Montana researcher develops a mobile biomass gasifier.
By Anna Austin | April 29, 2011

Utilizing a design pioneered by downdraft gasification system developer Community Power Corp., Montana researcher Brian Kerns has developed a mobile biomass gasifier, after collaborating with the company to integrate their design with his own ideas.


So far, his work has resulted in a 25-kilowatt per hour system that can easily be transported to areas where there is a need to manage woody biomass waste, such as pine beetle-killed wood. “Instead of gathering the biomass materials and bringing them to a centralized plant, which is the norm, we wanted to do the opposite,” Kerns says.

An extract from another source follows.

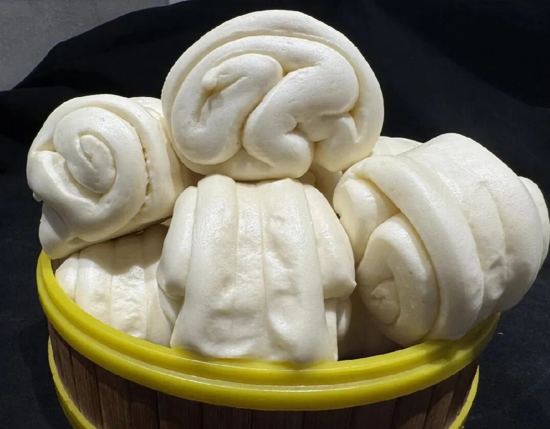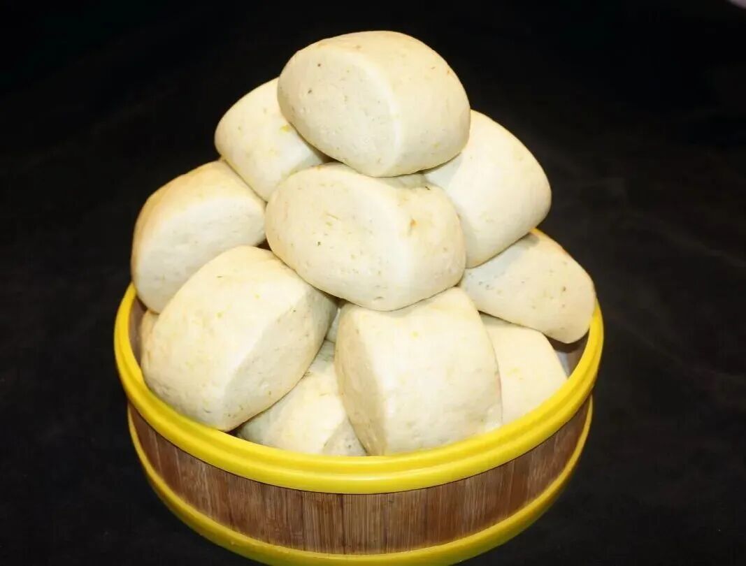 面粉加鲜菊花、福白菊粉,用老面发酵,蒸得金黄,带着菊花的清香,微甜不腻,口感劲实,吃起来有嚼劲,早上配杯豆浆,清爽又舒服,还能清肝明目,太适合打工人了。
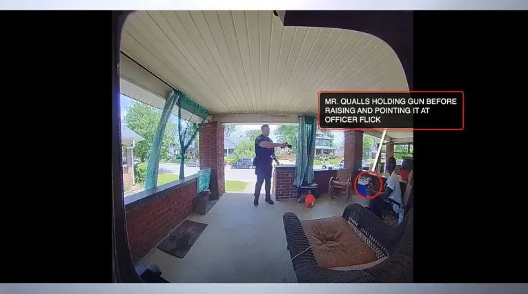After this brief exchange, the officer can be seen immediately firing at least 10 shots at Qualls while a second officer in the front yard fired at least one additional shot. In total, the shooting lasted between two and three seconds.

That strategy provides several benefits, including avoiding feedstock transportation and storage costs.
The system, which is enclosed on a semi-trailer platform, can be set up and running within an hour.

“It’s a quick, nimble and flexible system,” Kerns says. And though it sounds simple, actual development wasn’t easy. “Even though CPC has been building these things for 15 years, it was a significant challenge to modify and condense it so it fits adequately, and so that the weights and balances were such that it could easily move down the road.” 


In a recent demonstration, Kerns gasified pine beetle wood, which is a growing problem in some Western states such as Montana and Colorado, as well as in areas north into British Columbia and Alberta, Canada. “While some of the pine beetle wood is useful as logs, a lot of it is smaller in diameter and is wasted,” Kerns says.


Before the feedstock is fed into the system, it must be chipped. “During our last demonstration, we had a chipper set up and a conduit from the chipper into the enclosed trailer,” Kerns says.


Pine beetle-killed wood is typically dry, around 35 to 40 percent moisture, Kerns says. The material must be at about 10 percent moisture to be gasified, but drying doesn’t have to be done separately. The ambient air in the system that cools the producer gas also dries the feedstock before it undergoes the gasification process. “The CHP (combined-heat-and-power) system recovers the waste heat and uses it to dry the feedstock as it’s running,” Kerns explains.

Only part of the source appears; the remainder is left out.